Inhibition of PD-1/PD-L1 interactions increases tubular injury
To test whether PD-1 modulated T cell responses to kidney grafts, mice were treated with a monoclonal antibody that blocked PD-L1 interaction with PD-1. Two treatment protocols were tested (Fig. 4A). In the early treatment protocol, PD-L1 blocking antibody or control IgG was administered on days 3 and 5 after transplantation. These times coincided with the increase in PD-1 expressing cells. In the delayed protocol, mice were treated on days 7, 9 and 11 coincident with the decline in T cell infiltrates.

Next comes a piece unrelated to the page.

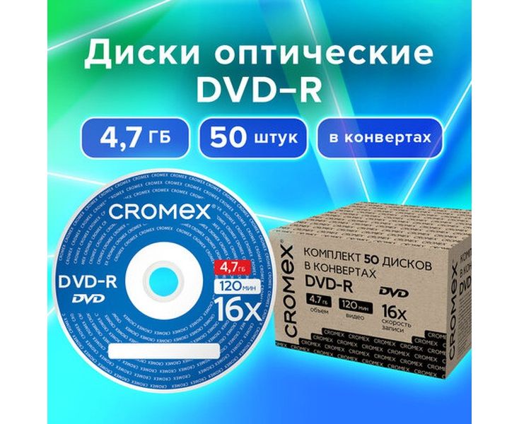 Диск DVD-R CROMEX 513798 4,7Gb, 16x, в конверте 50шт

Early treatment caused an exponential increase in urinary LCN2 (Fig. 4B). Before the first dose of antibody on day 3, LCN2 was 926 and 935 ng/ml of urine in mice to be treated with control IgG and antibody to PD-L1, respectively. Urinary LCN2 was elevated significantly at day 4 (10,659 ng/ml in treated vs 1,430 ng/ml in control mice) and increased progressively from day 5 through day 6 (29,116 vs 1,607 and 70,629 vs 8,099 ng/ml). These recipients were euthanized at 6 days when all 4 treated mice showed signs of distress (decreased ambulation and hunched posture), but the 4 controls were vigorous. The increased urinary LCN2 levels correlated with increased CD8 T cells infiltrating tubular epithelium at 6 days in the early treatment group (Fig. 4D). Cells infiltrating the tubules at this time also expressed PD-1 by immunohistology (Fig. 4E and Supplementary Fig. S2). The accelerated rejection was confirmed by treating 3 additional mice and following them for 7 days at which time they became anuric and lethargic, whereas the 3 controls continued produce urine and displayed normal behavior. Immunohistology confirmed that these transplants were terminally rejected with diffuse CD4 and CD8 T cell infiltrates, and diffuse C4d deposition on dilated peritubular capillaries consistent with mixed cellular and antibody-mediated rejection 18.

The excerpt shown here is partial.